YOUR INSTRUCTIONS: When you return the material, keep every line exactly as it is and omit the pictures.

SOURCE MATERIAL:
○ ○ ○ ○ ○ ○ ○

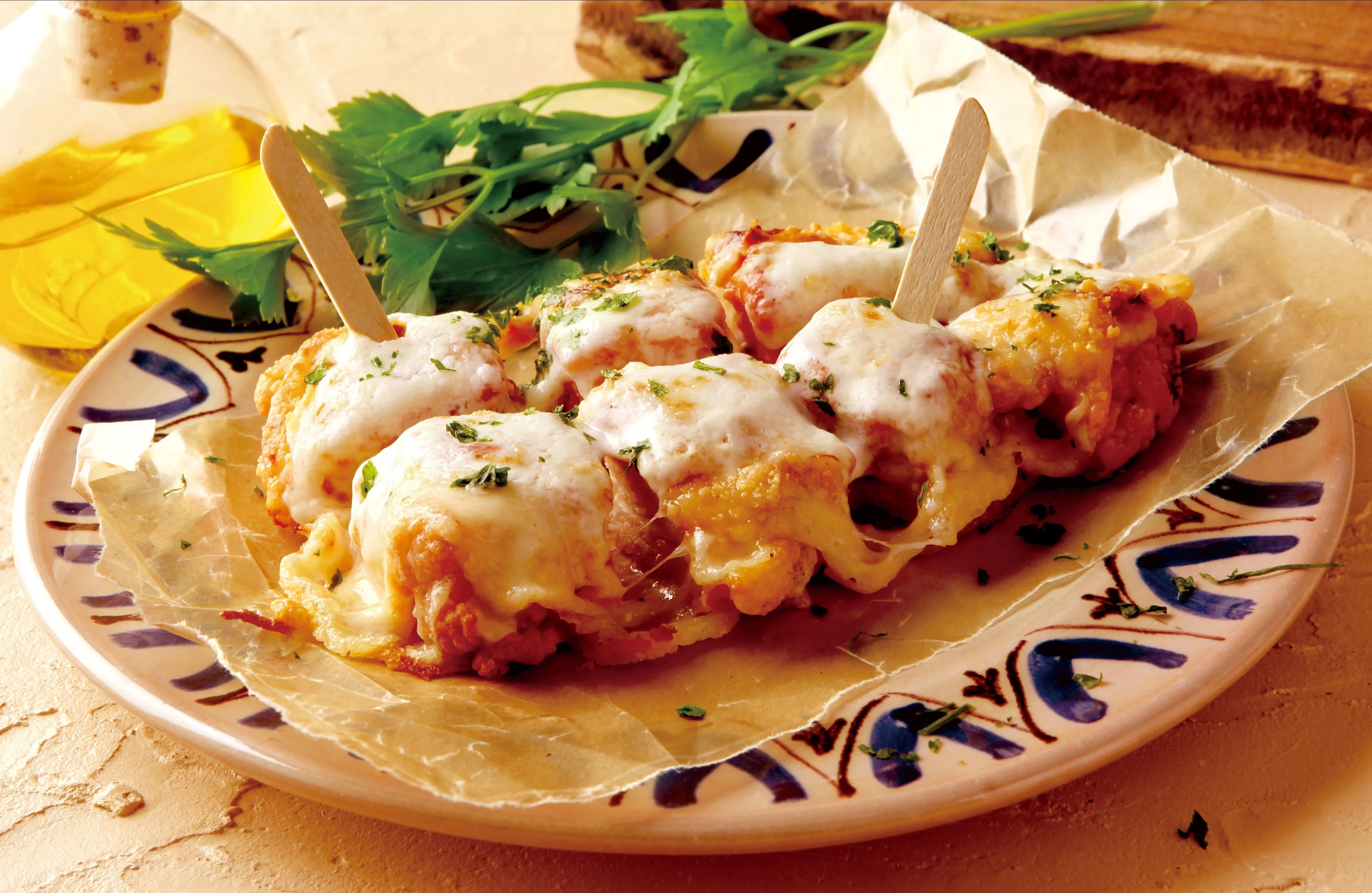 タパスの新作「クワトロチーズ・チキン」は、しっとりとジューシーなムネ肉を使用したフライドチキンに特製のトマトソースをたっぷりとかけ、北海道産マスカルポーネや熟成パルメザンチーズなど数種類のナチュラルチーズをかけ焼き上げた、ビバパエリアこだわりのオリジナルタパスです。
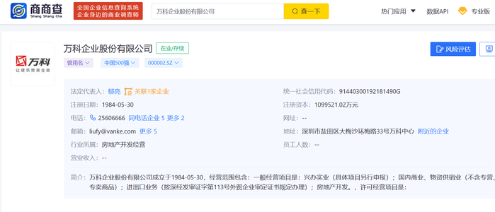 据“商商查”官网介绍,万科企业股份有限公司成立于1984年,法定代表人为郁亮,注册资本:1099521.02万元。经营范围包含兴办实业(具体项目另行申报);国内商业、物资供销业(不含专营、专控、专卖商品);进出口业务(按深经发审证字第113号外贸企业审定证书规定办理);房地产开发等
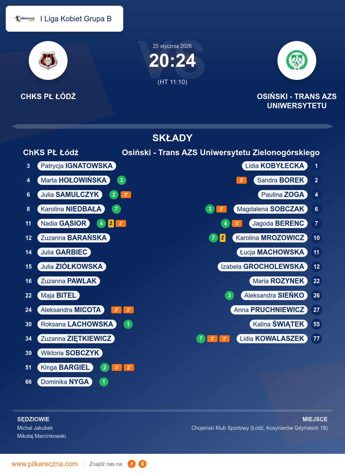 ChKS PŁ Łódź — Osiński - Trans AZS Uniwersytetu Zielonogórskiego

○ ○ ○ ○ ○ ○ ○

ANSWER BELOW:
 タパスの新作「クワトロチーズ・チキン」は、しっとりとジューシーなムネ肉を使用したフライドチキンに特製のトマトソースをたっぷりとかけ、北海道産マスカルポーネや熟成パルメザンチーズなど数種類のナチュラルチーズをかけ焼き上げた、ビバパエリアこだわりのオリジナルタパスです。
 据“商商查”官网介绍,万科企业股份有限公司成立于1984年,法定代表人为郁亮,注册资本:1099521.02万元。经营范围包含兴办实业(具体项目另行申报);国内商业、物资供销业(不含专营、专控、专卖商品);进出口业务(按深经发审证字第113号外贸企业审定证书规定办理);房地产开发等
 ChKS PŁ Łódź — Osiński - Trans AZS Uniwersytetu Zielonogórskiego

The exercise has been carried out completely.